Going in the opposite direction once again increases the score, but not to the extent it previously does. 

Lets see what happens if we drop one feature at a time, test its effect on the the score, and then return it, at the end, we'll remove the feature that causes the greatest score difference. 

In [121]:
X = data_combined_features.drop(['Ids', 'CatalogY', 'ManuleY', 'CombinedY',
                                 'Catalog_Period', 'Depth', 'Catalog_Epoch', 'SNR'],
                                axis=1)

def feature_testing(alg, X, y):
    score_perm = modelfit(alg, X, y)  # test the model without the feature dropped
    differences = []
    X = X
    X_copy = X.copy()
    for column in X.columns:
        df_temp = X.drop(column, axis=1)  # temporarily drop features
        score_temp = modelfit(alg, df_temp, y)  # test the model with the feature dropped
        differences.append(score_temp - score_perm) 
    print 'The largest difference was: {0}, it was caused by feature {1}'.format(max(differences),
                                                                                 X.columns[differences.index(max(differences))])   
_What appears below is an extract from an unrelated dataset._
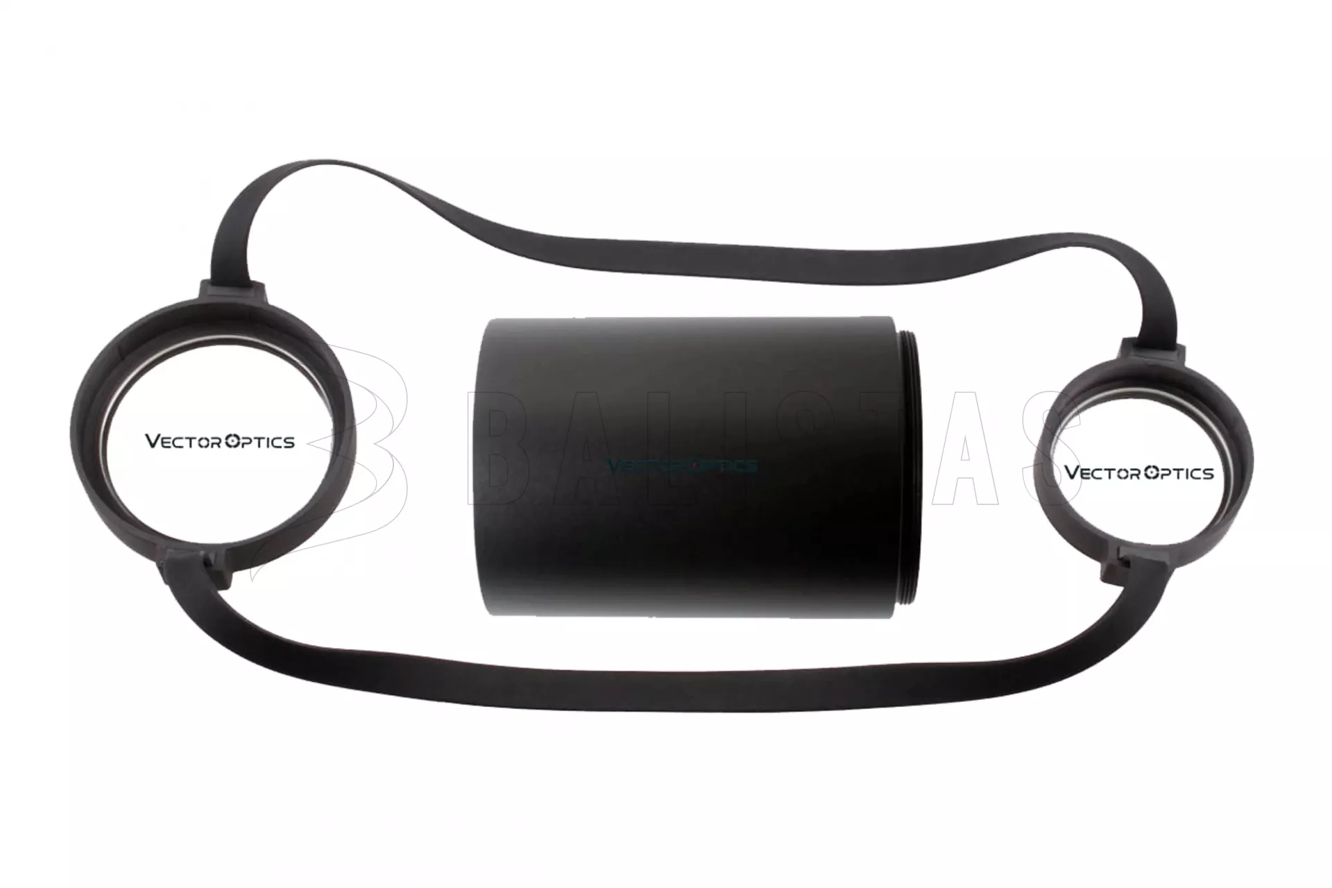 Das Zielfernrohr wird komplett mit einer zweiteiligen Picatinny-Schienenmontage, einem Ersatzrevolver und einer Sonnenblende geliefert.
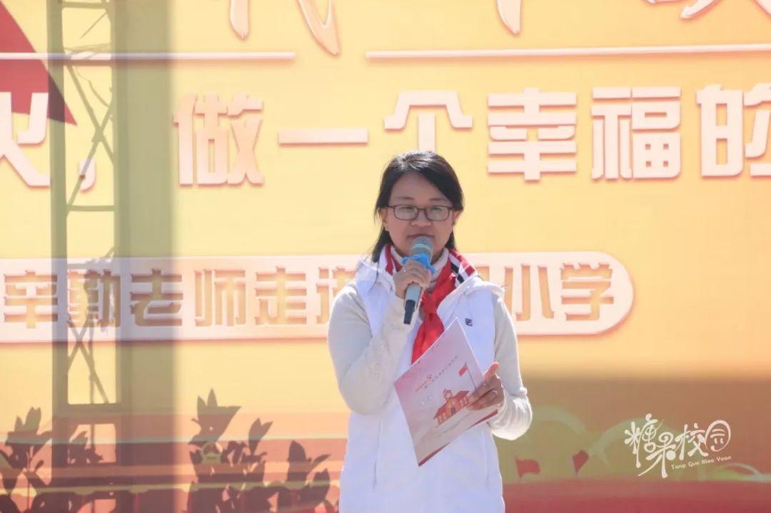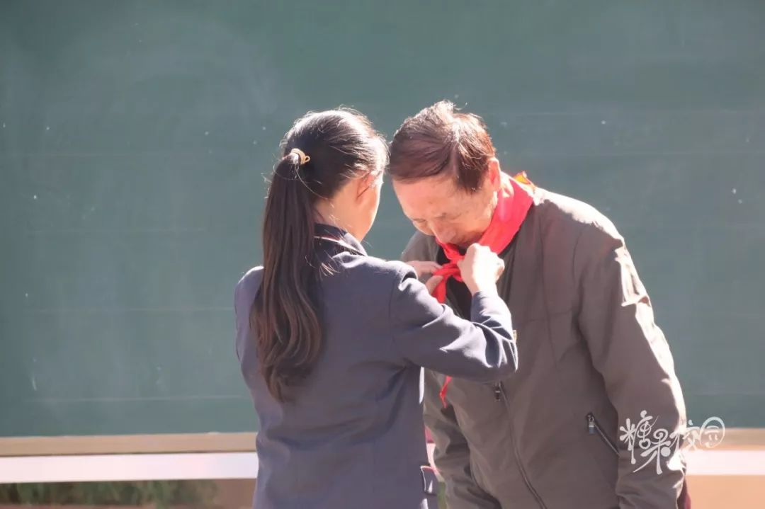 活动伊始,金星小学少先队员给辛勤老师戴上红领巾,热情欢迎辛勤老师的到来。

feature_testing(xgb1, X, y)

testing features linearly from left to right
The largest difference was: 0.0225633074325, it was caused by feature BLS_Depth_1_0


Which is actually the difference we found by setting the threshold to .005 earlier. 

Across the tests the best score we got was 0.721974298407 by deleting 'BLS_Depth_1_0'. 

We also observed that the max score we get is dependant both on the order we deleted the features and the method used to delete them. 

A next step could be to start deleting features in multiples; 2, 3, etc. at a time and observing the effect. Also, instead of deleting the features linearly from one side to the next we could delete them randomly.